First lots of things changed since the first release of Parallel Studio. Lots of the dedicated tools were merged with big ones (Amplifier is now VTune, Composer is Debugger…) but still kept their nicer GUIs and workflows. They also evolved quite a lot in a decade, focusing now on how to extract the maximum performance of the Intel CPUs through vectorization and threading.
Context
Intel provides a large range of tools, from a compiler to a sampling profiler (based on hardware counters), from a debugger to tools analyzing programs behavior. Of course, all these applications have a goal: selling more chips. As it’s not just about the chip, this is a fair fight: you need to be able to use the most of your hardware.
Of course, I’ll use Audio Toolkit for the demo and the screenshots.
Presentation
Let’s start with the beginning and start a new project. You will need to set up a new project (or open an old one), which leads you to the following screenshot.

Survey hotspots analysis is basically what you require, you may want to tick in Survey trip count analysis the Collect information about FLOPS if that’s the kind of analysis you are looking for. In future versions, it will be required for the roofline analysis which is currently not commercially available.
Once the configuration is done, let’s run the 1. Survey target, which would lead to the next screenshot.

I suggest to save snapshots (with the camera icon) after a run, as each run will actually overwrite e000, and bundle at least the source code with it.
Now it is possible to see the results:

I guess it is time now for a quick demo on how we can decrypt such results and improve on them.
Demo
The first interesting bit is that it is indeed the IIR filter that takes most of the relevant time. Advisor only works on loops, but as audio processing is about loops, everything is fine. Each loop has different annotations, and the ones in IIR filter have the note “Compiler lacks sufficient information to vectorize the loop”. The issue here is that the Visual Studio compiler can’t vectorize properly, so let’s use the Intel compiler (in CMake GUI, use -t “Intel C++ Compiler 17.0”).

I added here a pragma in the source code to force the vectorization, so the results are quite interesting. We have a good speed up compared to the previous version (6.9s to 4.7s), but here we are skewed because the order of the filter is odd, so there is an even number of coefficients for this loop (FIR part of the filter), and this works great for SSE2. Here only one loop is vectorized, where the icon for the loop is orange instead of blue.
If I want to push and ask for AVX instructions, then we will start seeing indications that the loop may be inefficient. In the following screenshot, I reordered the FIR loop so that we are vectorized on the number of samples of the processing and not the number of coefficients (usually there are only a handful of coefficients but up to hundreds of samples, so far more opportunities for vectorization). So this loop is not marked as inefficient. But the second one (the IIR part) is inefficient as we can’t reorder the loop straight away.

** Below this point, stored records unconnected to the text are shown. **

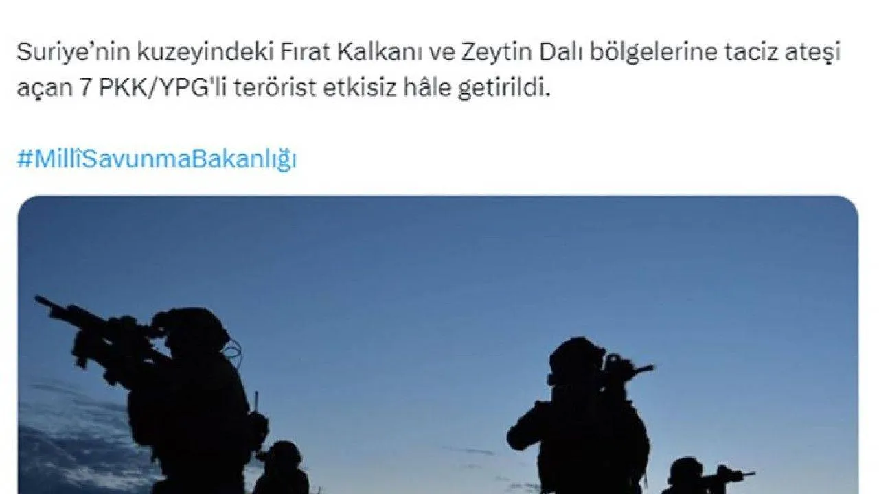 Milli Savunma Bakanlığının sosyal medya hesabından yapılan paylaşımda, “Kahraman Mehmetçik, teröristlerin taciz ve saldırı girişimlerine misliyle karşılık vermeye devam ediyor. Suriye’nin kuzeyindeki Fırat Kalkanı ve Zeytin Dalı bölgelerine taciz ateşi açan 7 PKK/YPG’li terörist etkisiz hale getirildi” ifadelerine yer verildi.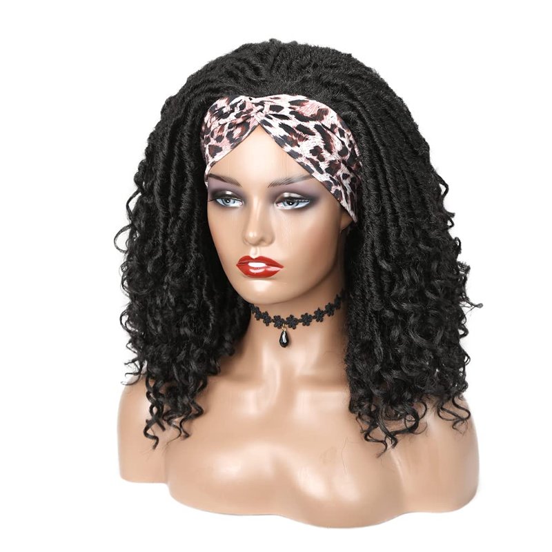 Hanne Fashion Headband Wigs Short Dreadlock Wig Goddess Hand Braided Twist Synthetic Wigs for Black Women Daily Cosplay Braided Curly Wigs 1B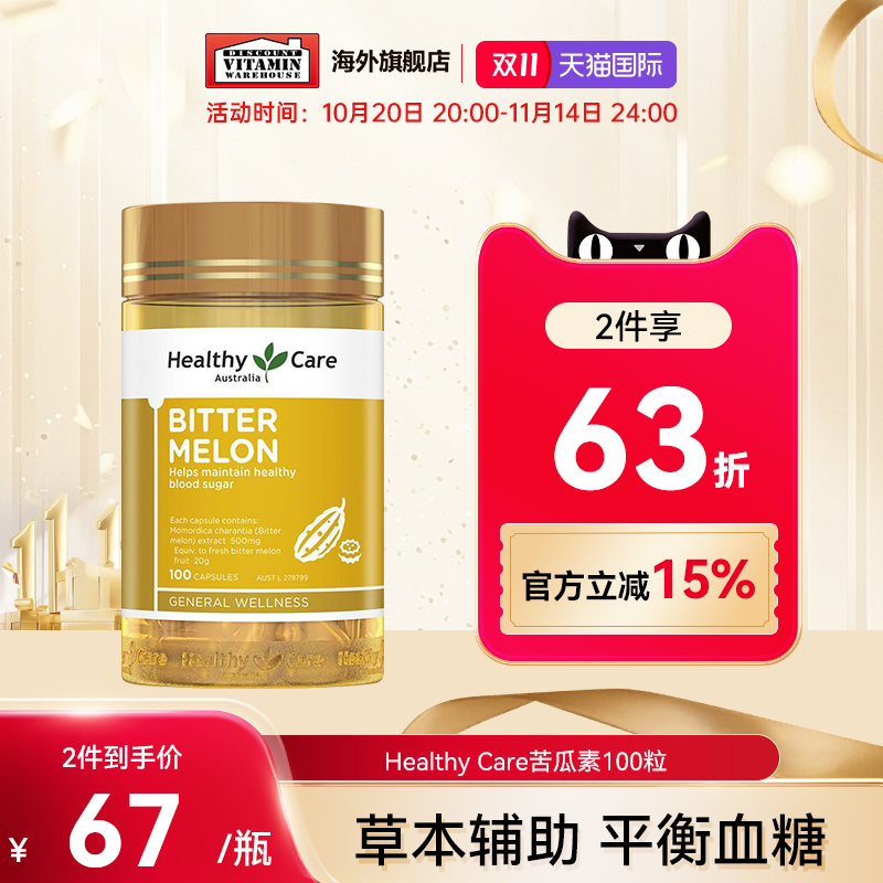 Healthy Care苦瓜素胶囊精华100粒 澳洲进口平稳血糖中老年人糖友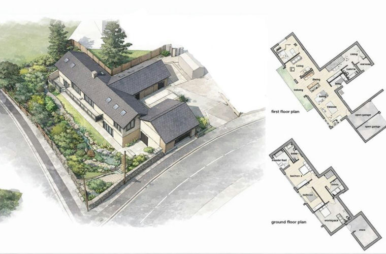 The approved scheme provides for a large architect-designed property of approximately 240m² (circa 2,580 sq ft) arranged over split levels, designed to take advantage of the natural topography of the site. The design incorporates spacious living accommodation, multiple bedrooms and generous glazing to maximise views and natural light.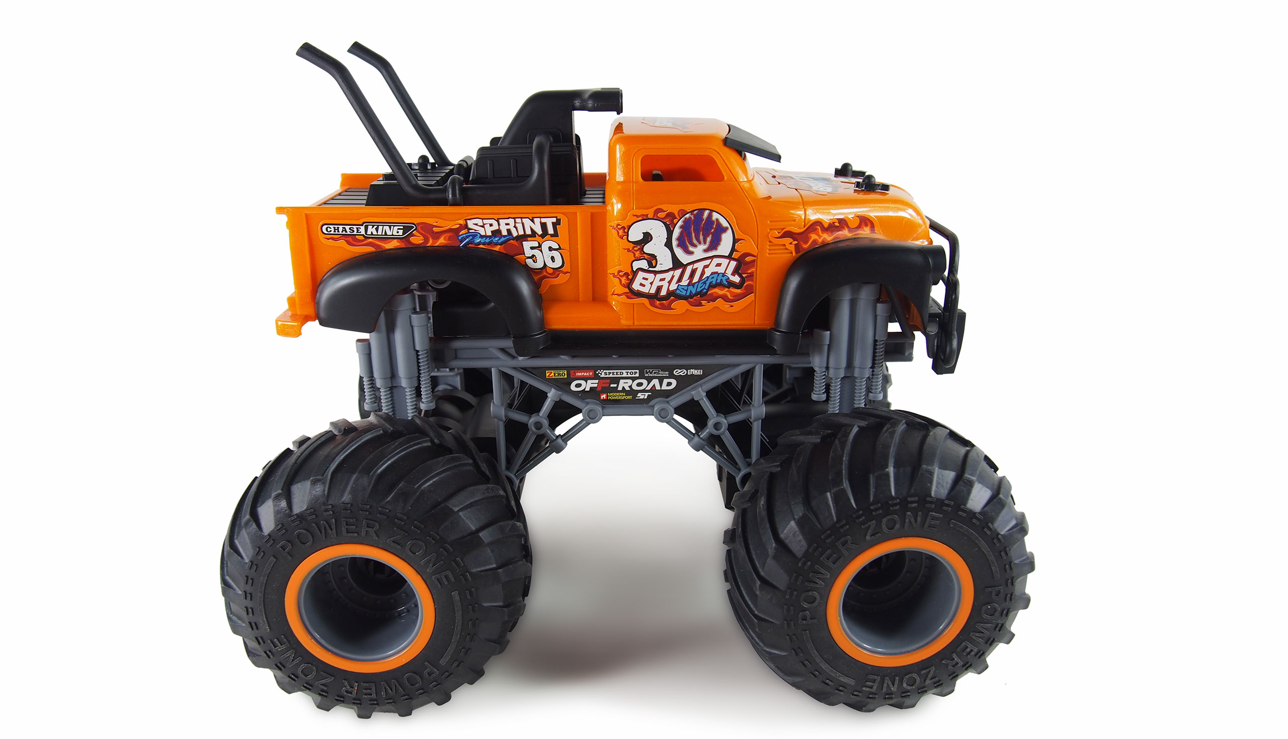 Monströs, riesige Gummireifen, auffällige Optik, vor Spritzwasser geschützt, RTR (Ready to run – alles enthalten) das ist die perfekte Mischung um Kinderaugen zum Leuchten zu bringen. Diese Monstertrucks im Maßstab 1:16 sind technisch und optisch ganz weit vorne und die erreichbare Geschwindigkeit liegt sogar bei etwa 15 km/h. Durch den Spritzwasserschutz sind alle Fahrzeuge dieser Serie uneingeschränkt outdoor tauglich und durch den guten Lieferumfang (RTR) kann der Spaß sofort nach dem Laden des mitgelieferten Akkus losgehen. Features:Gummireifen2,4GHz SystemRTR (alle für den Betrieb erforderlichen Teile bereits im Lieferumfang enthalten)vor Spritzwasser geschütztEinsteigertauglich2WDsehr hohe BodenfreiheitTechnische Daten:Länge: 275mmBreite: 240mmHöhe: 220mmGewicht: 1000g fahrfertig Akku: Ni-Mh 6V 700mAhLadegerät: USB 6V 250mAhSender: 2,4GHzBatterien für Sender: 2 x AA 1,5V Mignon (enthalten)Lieferumfang:Fahrzeug MonstertruckSender 2,4GHzAkku 6V 700mAh Ni-MH, HBX-SteckerBatterien für Sender (2 x 1,5V Mignon AA)Ladegerät USB 250mAh 6V Anleitung (deutsch/englisch)ab 6 JahreWichtiger Hinweis:Das Fahren mit mehreren Fahrzeuge diesen Typs ist nicht möglich (Frequenzüberschneidung).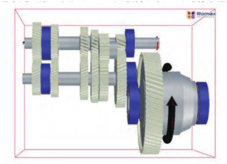 圖3為我公司MA型手動變速箱的軸承位置示意圖(見圖中藍色標記部分),其中在一軸一擋位為深溝球軸承25D52E15,一軸五擋位為深溝球軸承25D62E17,二軸一擋位為圓柱滾子軸承32D62E16,二軸五擋位為深溝球軸承22D57E17。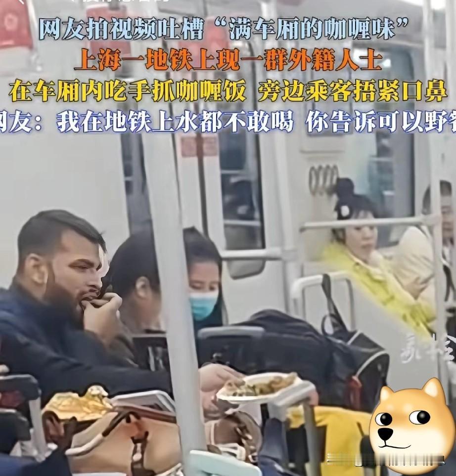 上海地铁上吃东西是常识,但印度人是真不知情还是装不知情呢? 这次甚至那一个车厢内都是印度人,吃咖喱味的块状食物,味道刺鼻,网友质疑地铁保安为何不管,难道印度人就不受国内法律约束? 义乌零元购事件还未落下帷幕,上海地铁又出现这种情况,不是我们因为几个印度人,就抹黑整个印度。可事实就摆在眼前。他们的素质与做出来的事情。只能是让我们反感。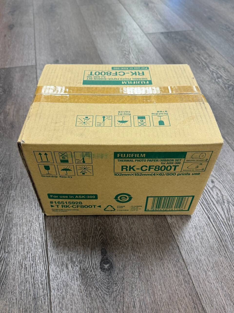 Description: New FUJIFILM T RK-CF800 4 x 6" Media Kit for Photo Booth Can be used For ASK-300 Digital Photo Printer Yield: 400 Prints per Roll Two Rolls and Ink Ribbons Included Keep on printing and printing with your ASK-300 Digital Photo Printer by picking up this T RK-CF800 4 x 6" Media Kit from FUJIFILM. Containing two rolls and two ink ribbons, this kit is able to produce a total of 800 prints, or 400 prints per roll. IF YOU HAVE ANY OTHER QUESTIONS OR INQUIRY, PLEASE SEND US AN MESSAGE DIRECTLY

Here, we see that Advisor tags all the calls to the loop as Remainder (or Vectorized Remainder), which is the part of the vectorized loop finishes (the start is Peel, before the samples are aligned, then Body, when data is aligned and the full content of the register is used, and then Remainder when the data is aligned, but only the first parts of the vector registers can be used). And the efficiency of the loop is poor, only 9%, compared to the 76% of the reordered loop.
Conclusion
This was a small tutorial on Advisor, I also added alignment in the arrays in a filter so that Peel would be reduced, and other optimizations. I didn’t talk about the rest of the analytics Advisor provides, but you get the idea, and the fun of these tools is also to explore them.
One final note, Advisor doesn’t like huge applications, it thrives at small applications (with a small number of loops), so try to extract your kernels with representative data.